[Material supplied Boundary: Start]

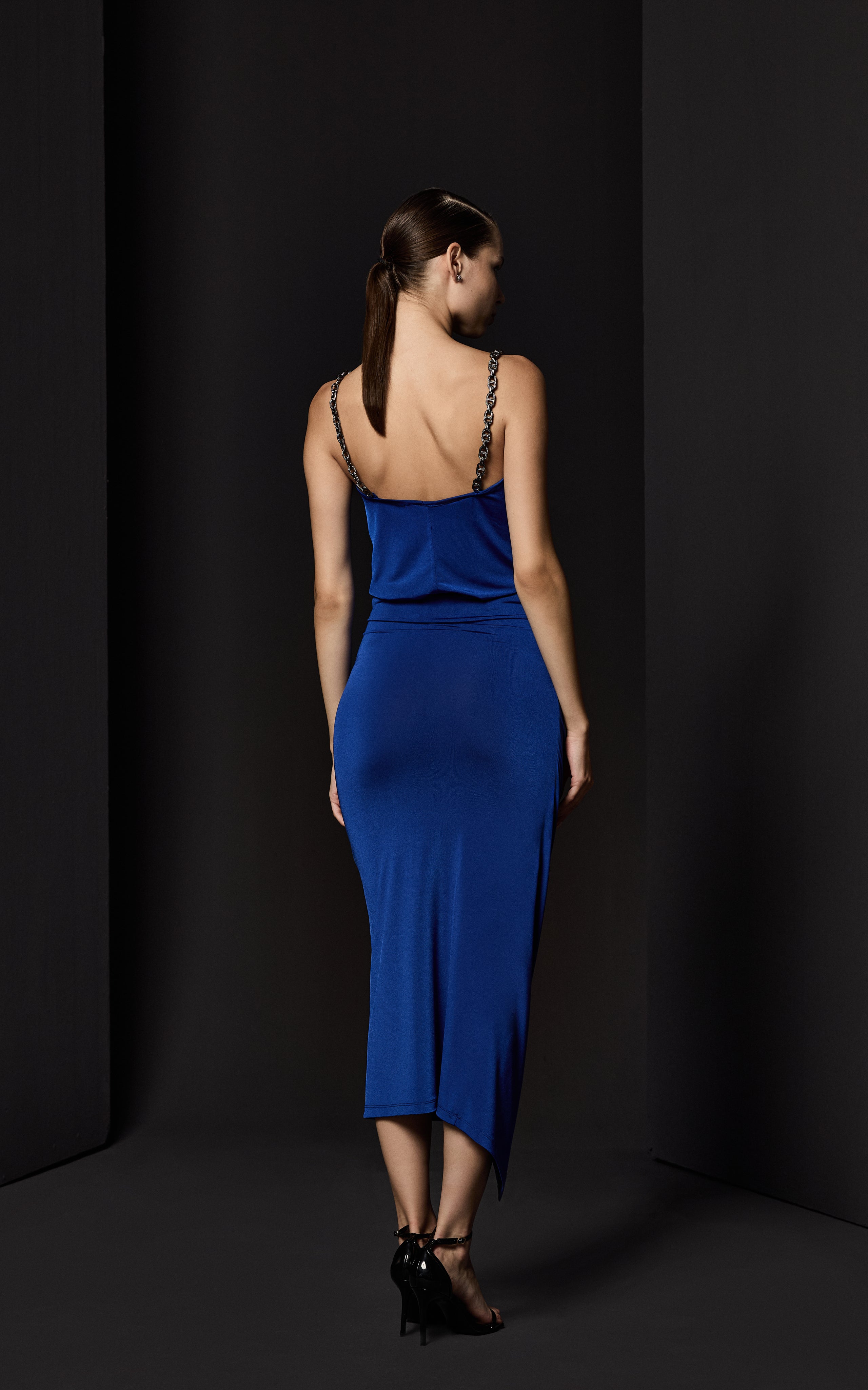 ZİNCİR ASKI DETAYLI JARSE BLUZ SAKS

[Material supplied Boundary: End]
[Material supplied Boundary: Start]

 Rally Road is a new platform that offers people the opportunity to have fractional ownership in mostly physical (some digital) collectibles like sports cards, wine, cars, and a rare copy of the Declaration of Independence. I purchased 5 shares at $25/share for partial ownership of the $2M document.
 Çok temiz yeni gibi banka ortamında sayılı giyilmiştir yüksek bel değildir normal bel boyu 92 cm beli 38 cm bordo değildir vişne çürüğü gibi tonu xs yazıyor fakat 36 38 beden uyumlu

[Material supplied Boundary: End]

Scan the entries above for the line containing "Rally Road is", and copy it and all lines after it exactly, down to and including the line containing "Çok temiz yeni".

▸ Response for this exercise
 Rally Road is a new platform that offers people the opportunity to have fractional ownership in mostly physical (some digital) collectibles like sports cards, wine, cars, and a rare copy of the Declaration of Independence. I purchased 5 shares at $25/share for partial ownership of the $2M document.
 Çok temiz yeni gibi banka ortamında sayılı giyilmiştir yüksek bel değildir normal bel boyu 92 cm beli 38 cm bordo değildir vişne çürüğü gibi tonu xs yazıyor fakat 36 38 beden uyumlu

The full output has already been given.